Nothing but the lines from the one containing "Conaniah also, and" through the one containing "Nahkainen kulmasohva, levitettävä.", both included, should be given again, each exactly as written below.

[Opening Extracted material section]

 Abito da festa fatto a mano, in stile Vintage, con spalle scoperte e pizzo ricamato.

[Closing Extracted material section]
[Opening Extracted material section]

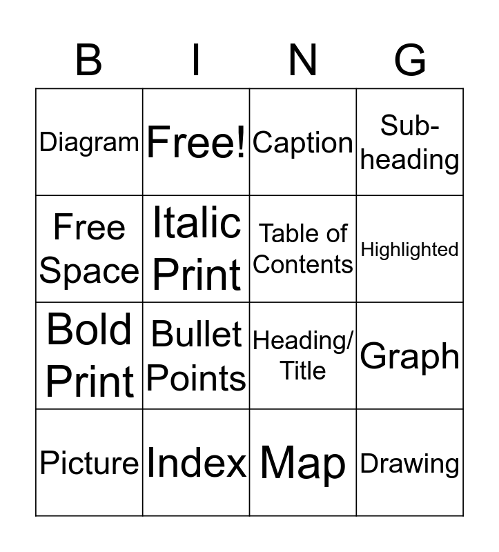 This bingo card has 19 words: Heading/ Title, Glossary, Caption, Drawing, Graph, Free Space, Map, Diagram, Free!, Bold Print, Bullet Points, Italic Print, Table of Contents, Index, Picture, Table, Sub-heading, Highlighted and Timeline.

[Closing Extracted material section]
[Opening Extracted material section]

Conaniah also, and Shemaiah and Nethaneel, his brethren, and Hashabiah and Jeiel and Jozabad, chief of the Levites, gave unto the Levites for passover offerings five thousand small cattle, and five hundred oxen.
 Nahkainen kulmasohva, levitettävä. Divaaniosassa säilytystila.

[Closing Extracted material section]

Response for this exercise:
Conaniah also, and Shemaiah and Nethaneel, his brethren, and Hashabiah and Jeiel and Jozabad, chief of the Levites, gave unto the Levites for passover offerings five thousand small cattle, and five hundred oxen.
 Nahkainen kulmasohva, levitettävä. Divaaniosassa säilytystila.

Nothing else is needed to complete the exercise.